Fractional-Linear Inequalities

Here, we will consider inequalities of the form `(ax+b)/(cx+d)>0` or `(ax+b)/(cx+d)<0`, where `a!=0,c!=0`.

Example. Solve inequality `(3x+7)/(2x-7)>5`.

In cases where right-hand side doesn't equal 0, we need to transform inequality into equivalent one, where right-hand side equals 0:

`(3x+7)/(2x-7)>5`;

`(3x+7)/(2x-7)-5>0`;

`(3x+7)/(2x-7)-(5(2x-7))/(2x-7)>0`;

`(3x+7-5(2x-7))/(2x-7)>0`;

`(3x+7-10x+35)/(2x-7)>0`;

`(-7x+42)/(2x-7)>0`; divide both sides by -7:

`(x-6)/(2x-7)<0`;

Fraction is negative in two cases:

  1. Numerator is negative, denominator is positive: `{(x-6<0),(2x-7>0):}`.
  2. Numerator is positive, denominator is negative: `{(x-6>0),(2x-7<0):}`.

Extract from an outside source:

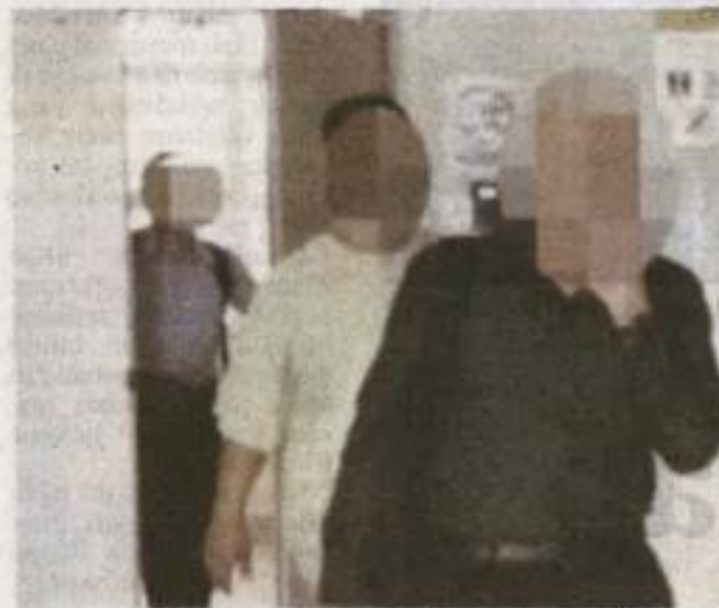
SUSPEK yang ditahan SPRM.

perceyai disebabkan berlakunya amalan rasuah dan penyelewengan dalam pelaksanaan projek pembinaan telaga jejari itu.

Therefore, we have set of two systems (recall that set contains solutions that satisfy at least one system).

Set of solutions of the first system is x<6 and x>3.5, i.e. 3.5<x<6.

Set of solutions of the second system is x>6 and x<3.5, i.e. there are no solutions.

Therefore, set of solutions of initial inequality is interval (3.5,6).